MTU concerns for the Linux bridge agent
Affects | Status | Importance | Assigned to | Milestone | |
---|---|---|---|---|---|
neutron |
Fix Released
|
High
|
Kevin Benton |
Bug Description
I ran some experiments with the Linux bridge agent [1] to determine the source of MTU problems and offer a potential solution. The environment for these experiments contains the following items:
1) A physical (underlying) network supporting MTU of 1500 or 9000 bytes.
2) One controller node running the neutron server, Linux bridge agent, L3 agent, DHCP agent, and metadata agent.
3) One compute node running the Linux bridge agent.
4) A neutron provider/public network.
5) A neutron self-service/
6) A neutron router between the provider and self-service networks.
7) The self-service network uses the VXLAN protocol with IPv4 endpoints which adds 50 bytes of overhead.
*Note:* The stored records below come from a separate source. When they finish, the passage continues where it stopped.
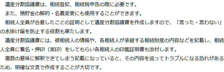 遺産分割協議書の作成
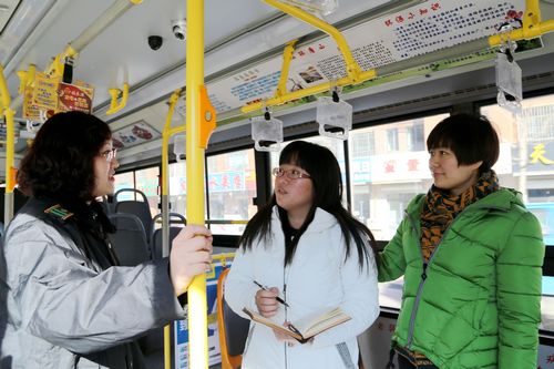 調(diào)研過程中,劉部長聽取了總公司團委書記付昱關(guān)于打造“公交志愿服務”品牌車組的工作情況匯報。在來到26路周麗媛車組時,劉部長詳細詢問了26路紅絲帶活動的進展情況、乘客反饋等。劉部長先后乘坐了2路全國勞模鄭玉曉、46路綠色先鋒號汪亞娟駕駛的公交車,在看到車上設(shè)置的青年志愿者服務便民箱后,給予了高度評價,她強調(diào),青年志愿者服務要落地、接地氣,從自己的本職工作做起,要著眼于細節(jié),真真正正做到公交優(yōu)秀,要結(jié)合公交青年工作實際,努力培養(yǎng)和造就一支奉獻、友愛、互助、進步的青工隊伍??偣緢F委也將以點帶面,在全公司范圍內(nèi)繼續(xù)深入開展“青年志愿者服務崗”活動,選樹典型,提高青年職工的奉獻理念和服務水平。
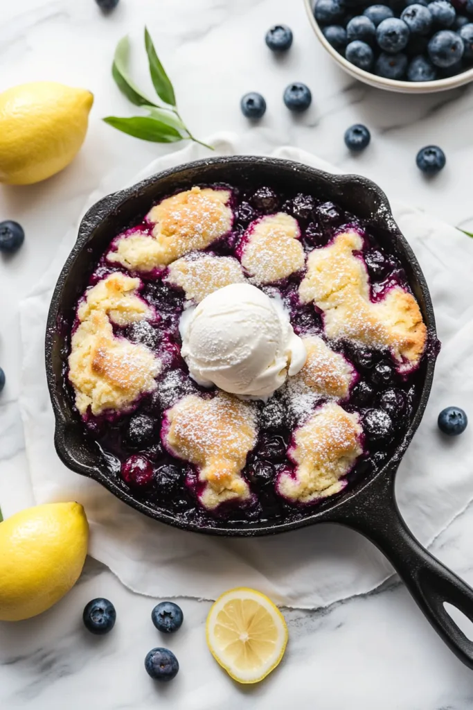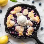This easy Lemon Blueberry Cobbler bakes up golden and bubbly in a cast-iron skillet with fresh blueberries, bright lemon zest, and a buttery buttermilk batter. A perfect spring dessert served warm with vanilla ice cream or whipped cream.

8) An instance on the self-service network with a floating IP address from an allocation pool on the provider network.
Background:
1. For tunnel interfaces, Linux automatically subtracts protocol overhead from the parent interface MTU. For example, if eth0 has a 1500 MTU, a VXLAN interface using it as a parent device has a 1450 MTU.
2. For bridge devices, Linux assumes a 1500 MTU and changes the MTU to the lowest MTU of any port on the bridge. For example, a bridge without ports has a 1500 MTU. If eth0 has a 9000 MTU and you add it as a port on the bridge, the bridge changes to a 9000 MTU. If eth1 has a 1500 MTU and you add it as a port on the bridge, the bridge changes to a 1500 MTU.
3. Only devices that operate at layer-3 can participate in path MTU discovery (PMTUD). Therefore, a change of MTU in a layer-2 device such as a bridge or veth pair causes that device to discard packets larger than the smallest MTU.
Observations:
1. For any physical network MTU, instances must use a MTU value that accounts for overlay protocol overhead. Neutron currently offers a way to provide a correct value via DHCP. However, it only addresses packets outbound from instances. The next two items address packets inbound to instances.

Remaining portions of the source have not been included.